Target | No. of Files | Total Capacity | NAS -> Snowball Time | Snowball -> S3 Time | Failed Objects |
---|---|---|---|---|---|
the 1st snowball performance | 19,567,430 | 2,408 GB | 1W | 113 hour | 954 |
the 2nd snowball performance | approx. 119,577,235 | 14,708 GB | 1W | 26 hour | 0 |
bucket_name = "your-own-bucket"
session = boto3.Session(profile_name='sbe1')
s3 = session.client('s3', endpoint_url='http://10.10.10.10:8080')
# or below
#s3 = boto3.client('s3', endpoint_url='https://s3.ap-northeast-2.amazonaws.com')
#s3 = boto3.client('s3', region_name='ap-northeast-2', endpoint_url='https://s3.ap-northeast-2.amazonaws.com', aws_access_key_id=None, aws_secret_access_key=None)
target_path = '/move/to/s3/orgin/' ## very important!! change to your source directory
max_tarfile_size = 10 * 1024 ** 3 # 10GB
max_part_size = 300 * 1024 ** 2 # 300MB
min_part_size = 5 * 1024 ** 2 # 5MB
max_process = 5 # concurrent processes, set the value to less than filelist files in file list_dir
if os.name == 'nt':
filelist_dir = "C:/Temp/fl_logdir_dkfjpoiwqjefkdjf/" #for windows
else:
filelist_dir = '/tmp/fl_logdir_dkfjpoiwqjefkdjf/' #for linux
ec2-user> python3 snowball_uploader.py genlist
genlist parameter generates the manifest files containing original files and target files. this parameter should be run before coping the files.
ec2-user> ls /tmp/fl_logdir_dkfjpoiwqjefkdjf
fl_1.yml fl_2.yml fl_3.yml fl_4.yml fl_5.yml
ec2-suer> cat f1_1.yaml
- ./snowball_uploader_11_failed.py: ./snowball_uploader_11_failed.py
- ./success_fl_2.yaml_20200226_002049.log: ./success_fl_2.yaml_20200226_002049.log
- ./file_list.txt: ./file_list.txt
- ./snowball-fl_1-20200218_151840.tar: ./snowball-fl_1-20200218_151840.tar
- ./bytesio_test.py: ./bytesio_test.py
- ./filelist_dir1_10000.txt: ./filelist_dir1_10000.txt
- ./snowball_uploader_14_success.py: ./snowball_uploader_14_success.py
- ./error_fl_1.txt_20200225_022018.log: ./error_fl_1.txt_20200225_022018.log
- ./snowball_uploader_debug_success.py: ./snowball_uploader_debug_success.py
- ./success_fl_1.txt_20200225_022018.log: ./success_fl_1.txt_20200225_022018.log
- ./snowball_uploader_20_thread.py: ./snowball_uploader_20_thread.py
- ./success_fl_1.yml_20200229_173222.log: ./success_fl_1.yml_20200229_173222.log
- ./snowball_uploader_14_ing.py: ./snowball_uploader_14_ing.py
def rename_file(org_file):
target_file = org_file ##
return target_file
cp_snowball parameter will transfer files to snowball
When the script runs, it creates two log files, success_'file_name''timestamp'.log and error'file_name'_'timestamp'.log
#print ('n')
print ('genlist: ')
print ('this option will generate files which are containing target files list in %s'% (filelist_dir))
#print ('n')
print ('cp_snowball: ')
print ('cp_snowball option will copy the files on server to snowball efficiently')
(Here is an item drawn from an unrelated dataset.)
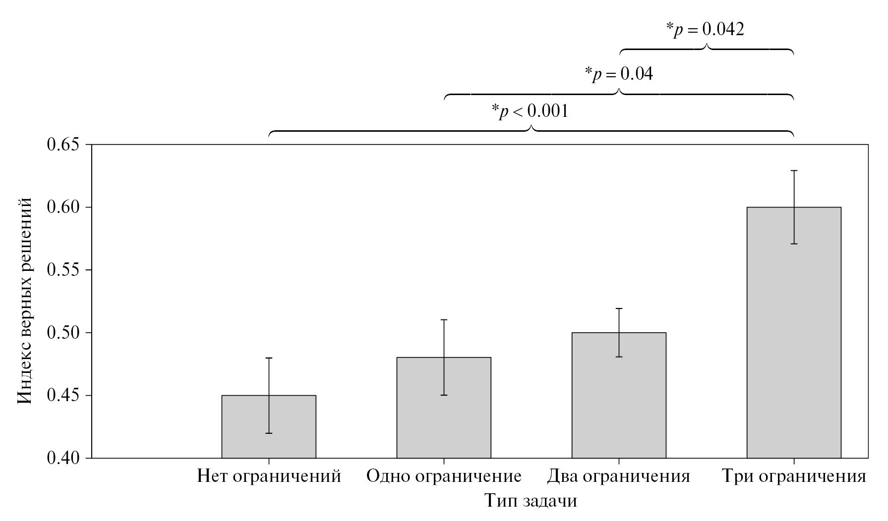 Сравнения по критерию Шеффе продемонстрировали достоверные различия между индексами решения задач без ограничений и задач с тремя ограничениями (p < 0.001), индексами решения задач с одним ограничением и задач с тремя ограничениями (p = 0.041), индексами решения задач с двумя ограничениями и задач с тремя ограничениями (р = 0.042) (рис. 2).
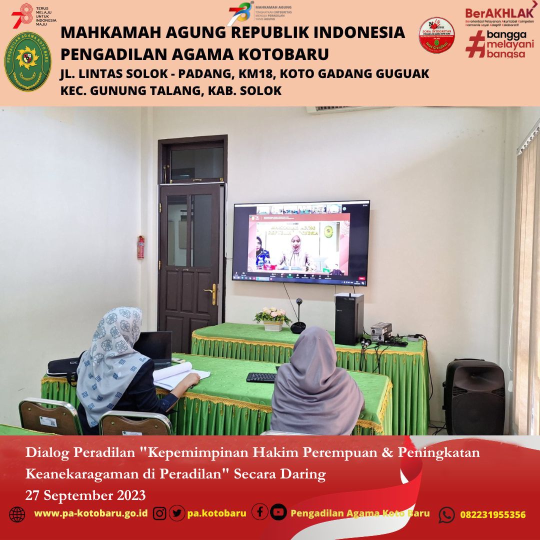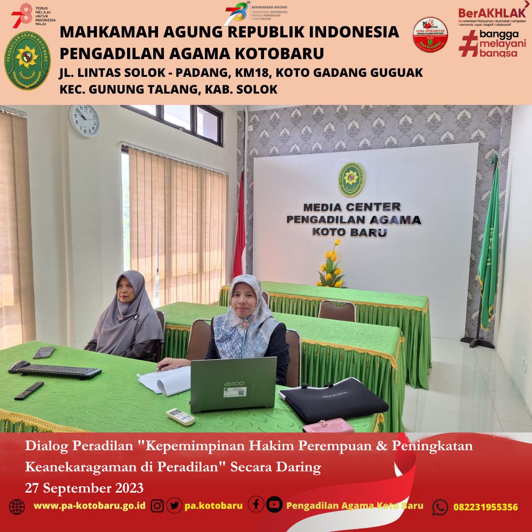Koto Baru (27/9) –Mahkamah Agung Republik Indonesia bekerjasama dengan Family Court of Australia (FCoA) yang difasilitasi oleh Australia-Indonesia Partnership for Justice 2 (AIPJ2) menyelenggarakan Webinar dan dialog dengan topik "Kepemimpinan Hakim Perempuan & Peningkatan Keanekaragaman di Peradilan" Secara Daring pada

print ('the mechanism is here:')
print ('1. reads the target file name from the one filelist file in filelist directory')
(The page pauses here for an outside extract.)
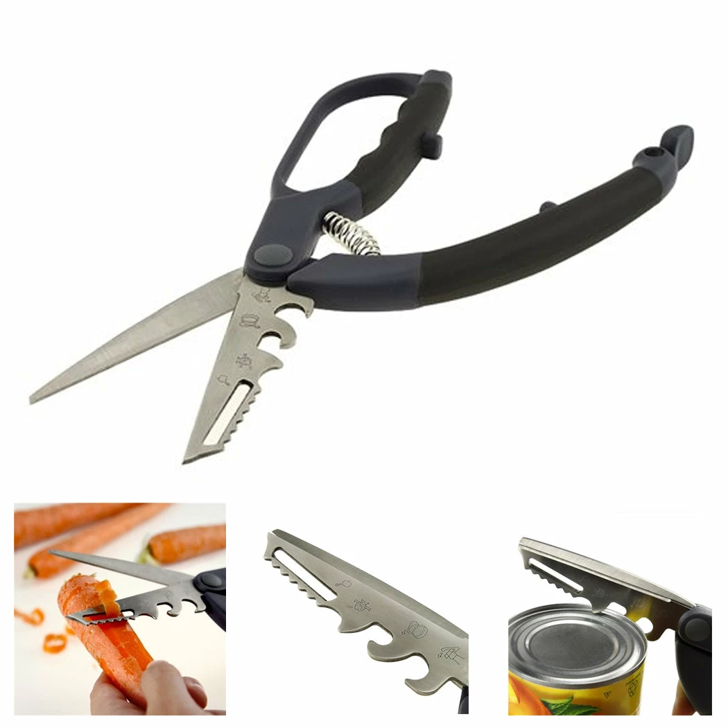 Handy Trends Multi Scissor 5 in 1 Function Tool Stainless steel 5 in 1 function Multi Scissors with ergonomic design, safety lock and protection arch. 5 in 1 includes: Peeler Scaler Corkscrew Can opener Bottle opener Safety lock ergonomic design Protection arch Stainless steel construction

print ('2. accumulates files to max_part_size in memory')
print ('3. if it reachs max_part_size, send it to snowball using MultiPartUpload')
print ('4. during sending data chunk, threads are invoked to max_thread')
print ('5. after complete to send, tar file is generated in snowball')
print ('6. then, moves to the next filelist file recursively')
I'm not a professional programmer so it may have some flaw, error handling is very poor. And this script may consume huge amount of memory if you set too high numbers of parameters (max_threads, max_part_size, and max_tarfile_size), then it can cause the freezing of system. so test it several times with sample data. When I used it in customer sites, it reduced the consuming time over 10 times. I hope you could get help from this script as well.